[Start of section]
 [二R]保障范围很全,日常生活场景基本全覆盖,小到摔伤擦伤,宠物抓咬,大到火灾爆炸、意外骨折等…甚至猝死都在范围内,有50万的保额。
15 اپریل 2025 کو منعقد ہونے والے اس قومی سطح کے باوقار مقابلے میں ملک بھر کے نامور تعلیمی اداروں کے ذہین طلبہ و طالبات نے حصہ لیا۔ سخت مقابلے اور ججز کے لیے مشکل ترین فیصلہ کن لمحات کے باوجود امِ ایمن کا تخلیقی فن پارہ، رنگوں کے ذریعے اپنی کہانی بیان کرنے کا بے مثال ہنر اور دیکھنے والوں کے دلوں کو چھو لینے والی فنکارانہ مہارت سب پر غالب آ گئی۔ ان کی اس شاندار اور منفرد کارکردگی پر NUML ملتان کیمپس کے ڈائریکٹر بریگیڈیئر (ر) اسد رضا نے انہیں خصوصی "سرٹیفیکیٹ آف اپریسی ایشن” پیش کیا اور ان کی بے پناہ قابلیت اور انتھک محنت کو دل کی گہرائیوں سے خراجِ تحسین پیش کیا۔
[End of section]
[Start of section]
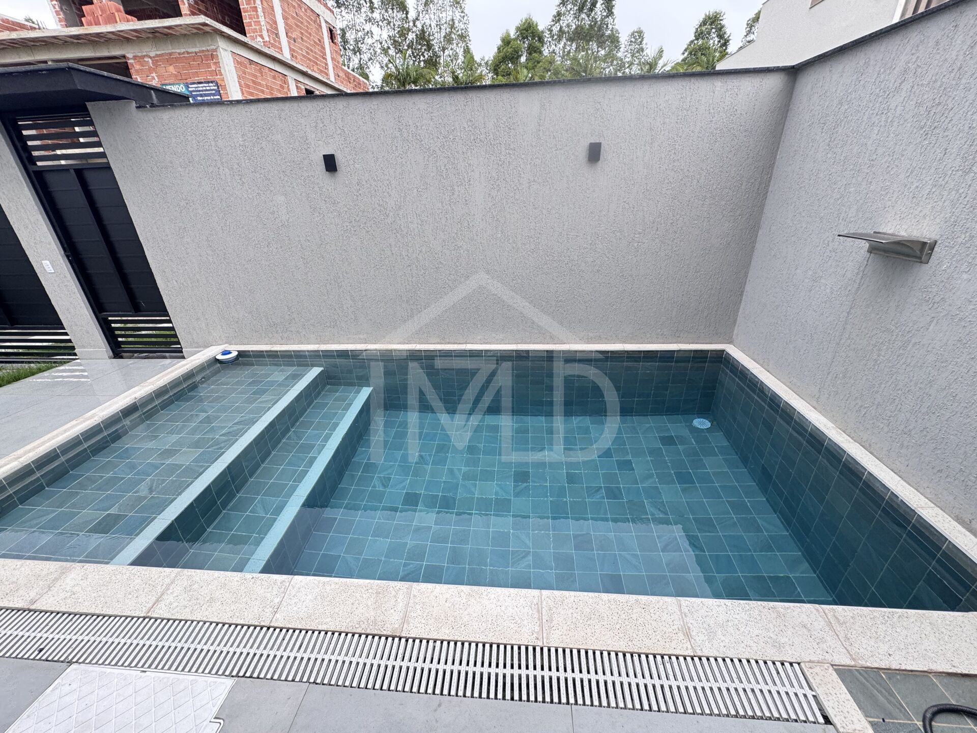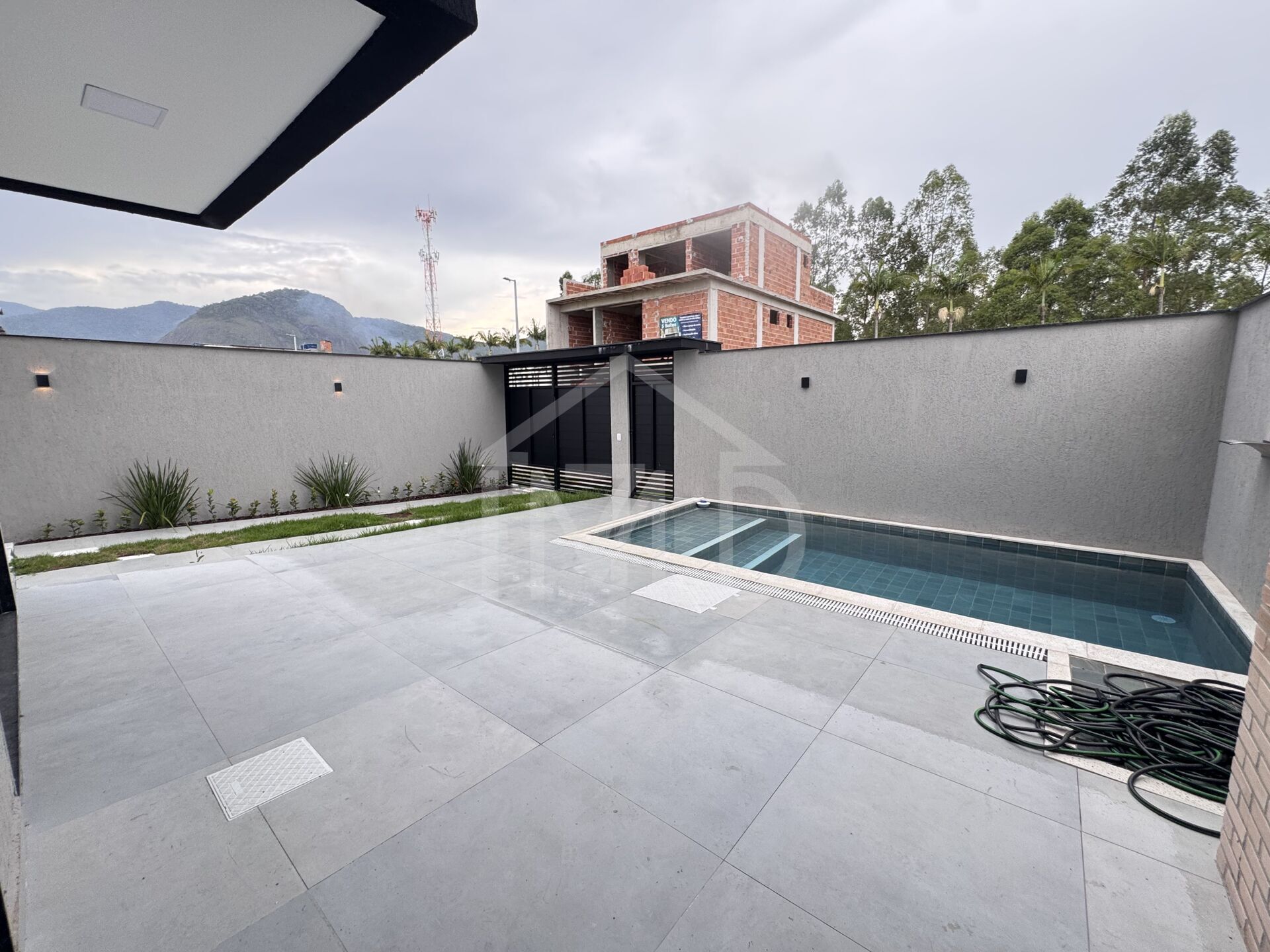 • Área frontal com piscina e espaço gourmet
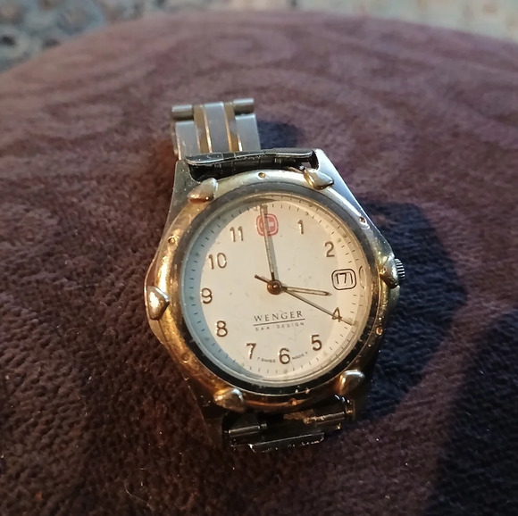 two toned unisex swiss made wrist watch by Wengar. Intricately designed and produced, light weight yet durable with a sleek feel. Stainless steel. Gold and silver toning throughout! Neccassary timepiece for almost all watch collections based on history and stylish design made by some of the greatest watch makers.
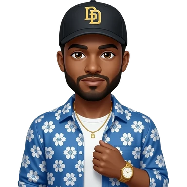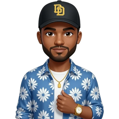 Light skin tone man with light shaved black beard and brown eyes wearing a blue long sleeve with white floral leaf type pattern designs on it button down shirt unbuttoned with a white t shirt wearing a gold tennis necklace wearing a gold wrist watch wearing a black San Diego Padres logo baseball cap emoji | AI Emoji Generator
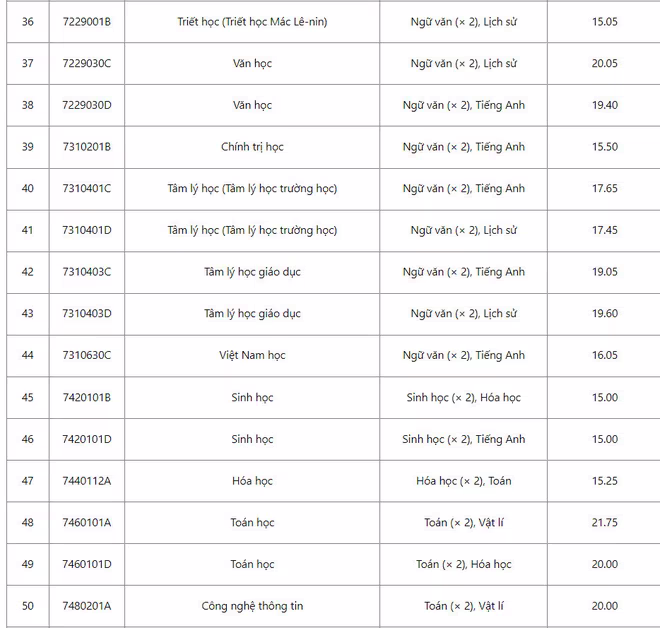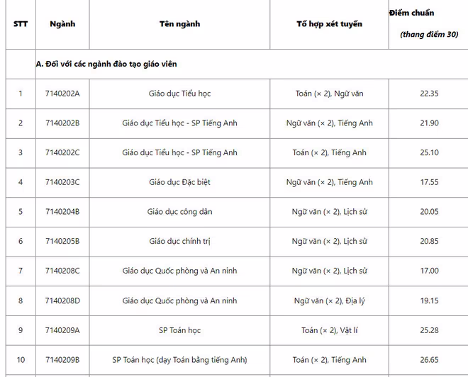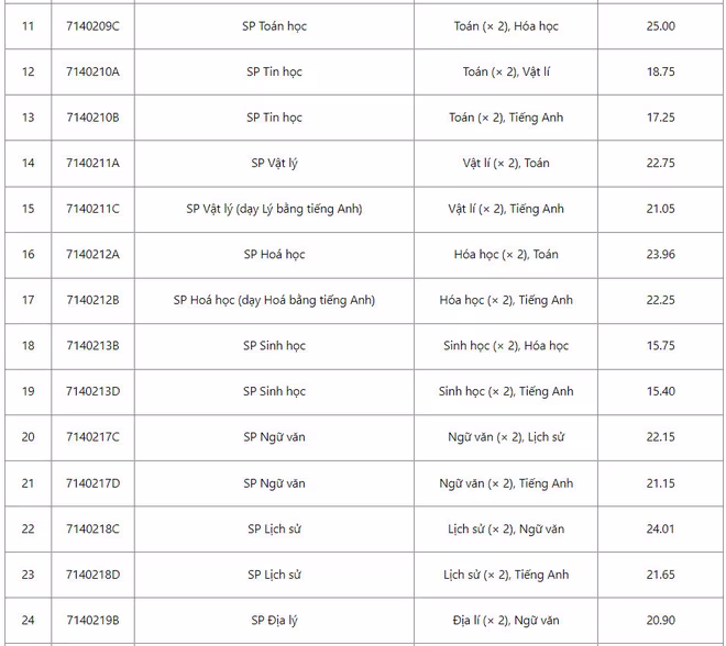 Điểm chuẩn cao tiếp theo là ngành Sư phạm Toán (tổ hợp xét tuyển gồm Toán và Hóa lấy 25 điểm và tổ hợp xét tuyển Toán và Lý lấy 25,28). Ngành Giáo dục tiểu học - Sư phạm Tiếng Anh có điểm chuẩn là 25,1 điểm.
[End of section]
● INSTRUCTIONS TO FOLLOW: Working from the records above, set down word for word everything from the line containing "Light skin tone" down to the line containing "Điểm chuẩn cao", ends included, minus the pictures.

● WRITTEN ANSWER:
 Light skin tone man with light shaved black beard and brown eyes wearing a blue long sleeve with white floral leaf type pattern designs on it button down shirt unbuttoned with a white t shirt wearing a gold tennis necklace wearing a gold wrist watch wearing a black San Diego Padres logo baseball cap emoji | AI Emoji Generator
 Điểm chuẩn cao tiếp theo là ngành Sư phạm Toán (tổ hợp xét tuyển gồm Toán và Hóa lấy 25 điểm và tổ hợp xét tuyển Toán và Lý lấy 25,28). Ngành Giáo dục tiểu học - Sư phạm Tiếng Anh có điểm chuẩn là 25,1 điểm.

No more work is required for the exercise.